▸ EXERCISE REQUIREMENTS
Repeat the listing below in full and exactly, but without its pictures.

▸ DATASET EXTRACT
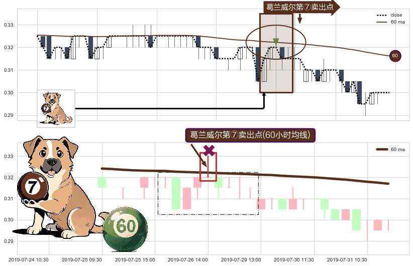 ⚀ 2019-07-26 14:00:00-小时显现 葛兰威尔均线 60小时均线 第⑦卖出点 下降趋势的中继信号,后市看跌,卖出信号
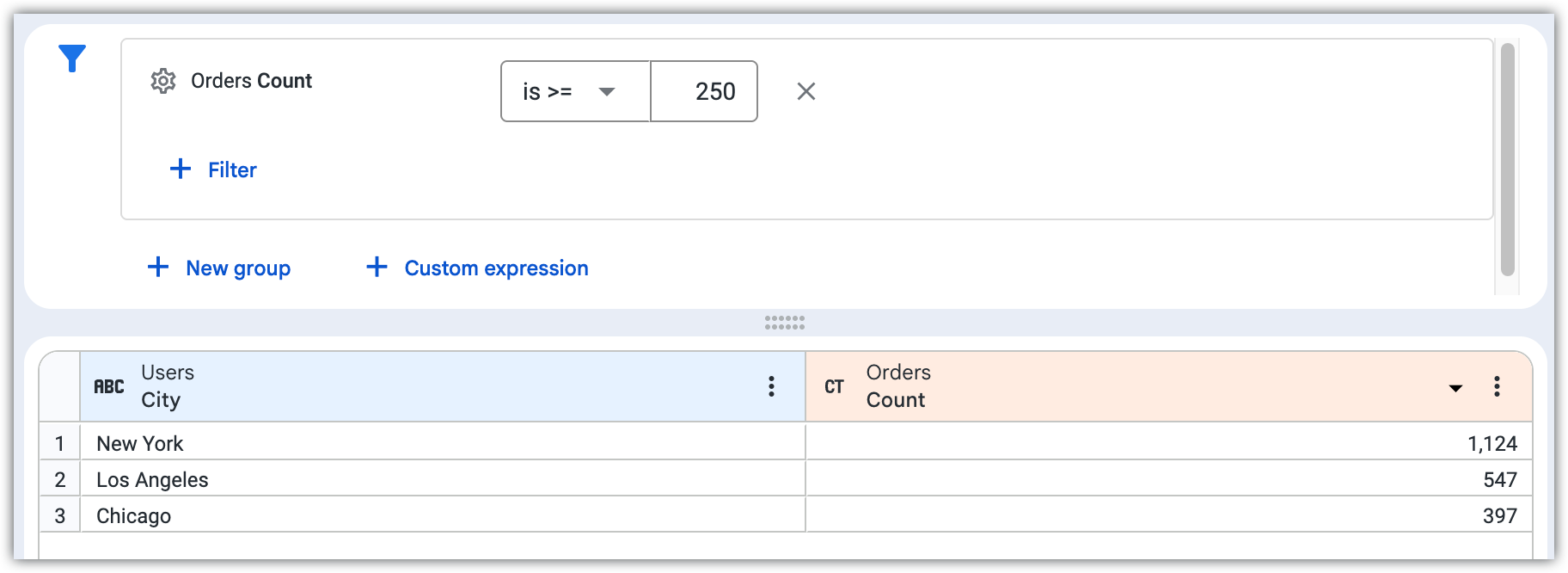 For example, say you've created an Explore to view how many orders were placed by city. The Explore includes the Users City and Orders Count fields. Then, you add a filter on the Orders Count measure with the condition is >= 250.
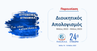 Με κεντρικό σύνθημα «ΑΥΤΟΝΟΜΑ – ΔΥΝΑΜΙΚΑ | Για νέες κατακτήσεις» ολοκληρώθηκαν με απόλυτη επιτυχία, οι εργασίες του 24ου Πανελλαδικού Συνεδρίου της Π.Ο.Ε.Π.Λ.Σ., που πραγματοποιήθηκε 14-16 Μαΐου στον Βόλο. Το 24ο Πανελλαδικό Συνέδριο, σηματοδοτεί την εξωστρέφεια που χαρακτηρίζει τη σημερινή Π.Ο.Ε.Π.Λ.Σ. καθώς αποφασίσαμε και διοργανώσαμε Πανελλαδικό Συνέδριο εκτός της έδρας της Ομοσπονδίας μας, μετά από έξι (6) χρόνια. Ένας εξίσου σημαντικός λόγος, …

▸ EXERCISE SOLUTION
 ⚀ 2019-07-26 14:00:00-小时显现 葛兰威尔均线 60小时均线 第⑦卖出点 下降趋势的中继信号,后市看跌,卖出信号
 For example, say you've created an Explore to view how many orders were placed by city. The Explore includes the Users City and Orders Count fields. Then, you add a filter on the Orders Count measure with the condition is >= 250.
 Με κεντρικό σύνθημα «ΑΥΤΟΝΟΜΑ – ΔΥΝΑΜΙΚΑ | Για νέες κατακτήσεις» ολοκληρώθηκαν με απόλυτη επιτυχία, οι εργασίες του 24ου Πανελλαδικού Συνεδρίου της Π.Ο.Ε.Π.Λ.Σ., που πραγματοποιήθηκε 14-16 Μαΐου στον Βόλο. Το 24ο Πανελλαδικό Συνέδριο, σηματοδοτεί την εξωστρέφεια που χαρακτηρίζει τη σημερινή Π.Ο.Ε.Π.Λ.Σ. καθώς αποφασίσαμε και διοργανώσαμε Πανελλαδικό Συνέδριο εκτός της έδρας της Ομοσπονδίας μας, μετά από έξι (6) χρόνια. Ένας εξίσου σημαντικός λόγος, …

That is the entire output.